Milist.info- Tidak ada orang tua yang sempurna. Semua orang
harus melalui proses untuk belajar bagaimana membesarkan anak. Namun,
ada saat di mana orang tua merasa frustasi dengan perilaku anak mereka,
sehingga mereka meluapkan kemarahan mereka dengan berteriak kepada anak.
Perlu diketahui bahwa sikap ini bisa mengganggu perkembangan mental
anak. Berikut adalah alasan kenapa orang tua dilarang berteriak pada
anak.
1. Perkembangan emosional
Salah satu alasan mengapa Anda tidak boleh berteriak pada anak adalah
karena itu bisa mempengaruhi perkembangan emosionalnya. Anak
membutuhkan dorongan positif, yang dapat membantunya percaya bahwa dia
bisa meraih kesuksesan dalam hidup. Ini juga akan memberi mereka
kesempatan untuk mengeksplorasi dan mencoba hal-hal baru. Berteriak
tidak akan membuatnya patuh kepada kata-kata Anda. Sebaliknya, dia akan
menjadi semakin nakal dan susah diatur.
2. Merasa tidak aman
Berteriak kepada anak bisa membuat mereka merasa takut dan tidak
aman. Ini bisa menjadi pengalaman yang menakutkan bagi anak. Alhasil,
anak akan selalu merasa tidak aman ketika Anda berada di dekatnya.
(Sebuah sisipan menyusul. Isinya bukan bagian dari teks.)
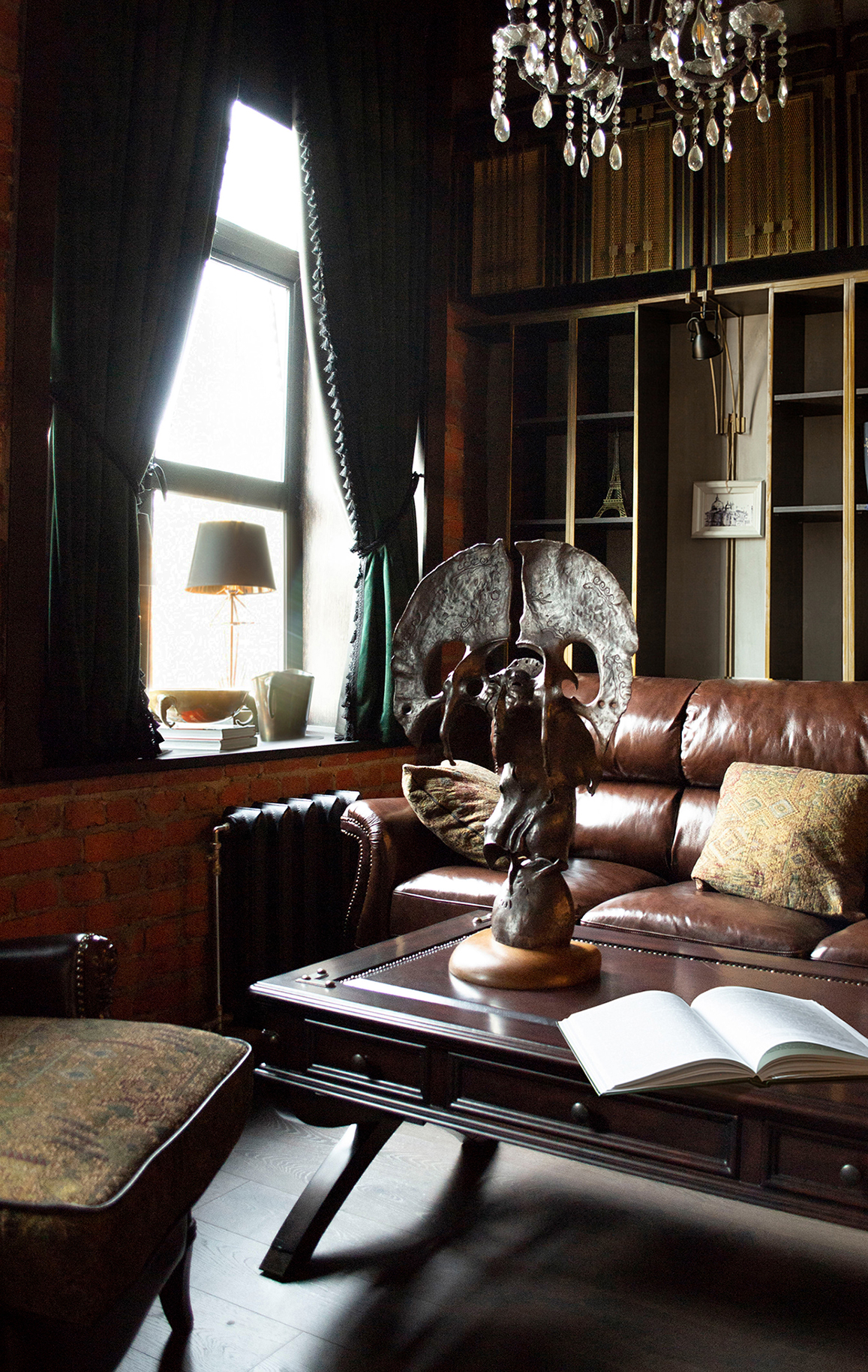 Интерьер лофта включает не только эффектные дизайнерские решения, но и произведения искусства, создающие более глубокие смысловые акценты и точки притяжения. Среди них представлена скульптурная пластика известного художника Даши Намдакова, в том числе работа «Воспоминания о будущем», вдохновленная древними верованиями и соединяющая современное и вневременное.

3. Menjadi pendengar yang buruk
Seseorang harus belajar menjadi pendengar yang baik. Ketika seorang
anak tumbuh dengan orang tua yang selalu berteriak kepadanya, dia juga
akan belajar hal yang sama. Pada akhirnya, dia pun akan menjadi seorang
pendengar yang buruk bagi orang lain.
4. Mempengaruhi kepercayaan diri
Rasa percaya diri seorang anak dibangun oleh orang tuanya. Dan
berteriak kepada anak akan membuatnya kehilangan rasa percaya dirinya.
Akhirnya, anak pun tidak berani melakukan apa pun, tanpa terlebih dulu
meminta persetujuan orang tua mereka. Dalam hal ini, harga diri anak
juga dipertaruhkan.
5. Masalah perilaku anak
Sering berteriak di depan anak juga bisa mempengaruhi perilaku
mereka. Anak-anak pun akhirnya menjadi mudah marah dan sering bersikap
bandel di sekitar teman-teman mereka. Mereka juga menjadi sangat susah
diatur dan sering melawan jika dinasihati.
Inilah lima alasan kenapa orang tua dilarang berteriak pada anak.
Berikan anak kebebasan, tetapi Anda sebagai orang tua tetap harus
memberi arah yang tepat bila mereka mulai tampak melenceng.